The Mystery of the Double Cross is a 1917 film and one of the few American silent action film serials to survive in complete form. It was directed by Louis J. Gasnier and William Parke, from a story written by Gilson Willets, produced by the Astra Film Corporation and released in weekly chapters by Pathé, starting March 18, 1917.

Plot
Peter Hale (Leon Bary) is returning to America from overseas via steamship to receive his inheritance. On board, he receives a telegram warning him to beware the Double Cross. He doesn't know what it means, until he becomes enamored of a mysterious woman occupying cabin no. 7. When a submarine is sighted, there is panic on shipboard. Peter and the mysterious woman are thrown together, and in the ensuing action, he sees a double cross symbol on her right arm, just below the shoulder. When the ship arrives in New York, Peter loses track of the woman.

His father's will stipulates that he is to marry a woman, "perfect in mind and body," who has been selected for him. She will reveal herself to him when the time comes, and he will know her by the sign of the double cross on her arm.

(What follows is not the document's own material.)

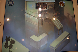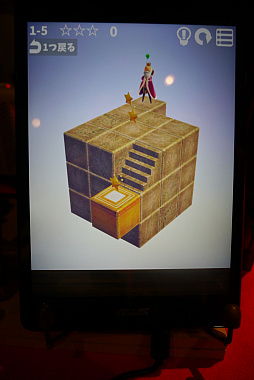 グラフィックスは絵本のようなテイストなため,これを折り曲げて遊ぶのは,ちょっとインタラクティブ絵本的な趣がある。もちろん本作はデジタルゲームなので,何度折り曲げても紙にクセがついたりしないのも嬉しい。海外のデベロッパStudio Flipの作品だが,出展されていたバージョンはメッセージが日本語化されていた。

If anyone else marries her, then that person will inherit the Hale fortune.

Pondering this in his hotel room, Peter overhears Bridgely Bentley (Ralph Stuart), a gangster and social pirate, reveal a plan to bilk Herbert Brewster out of some valuable land. Brewster is unaware that there are valuable oil reserves beneath the land. Peter knows Brewster, who was a friend of Pete's father. Peter races ahead and obtains an option on the property to keep Bridgely from carrying out his scheme, thereby earning his enmity. But Peter also finds that Brewster's daughter, Phillipa, is the woman he met on board the ship. He begins to woo her, but is puzzled by how she at times accepts his courtship, and the next minute, rejects him, claiming that they have never met. When he tries to confront her, a Masked Stranger intervenes, telling him he must be true to the girl of the Double Cross. Bentley finds the original letter sent to Peter and realizes that if he can marry the girl of the Double Cross, the Hale fortune will be his.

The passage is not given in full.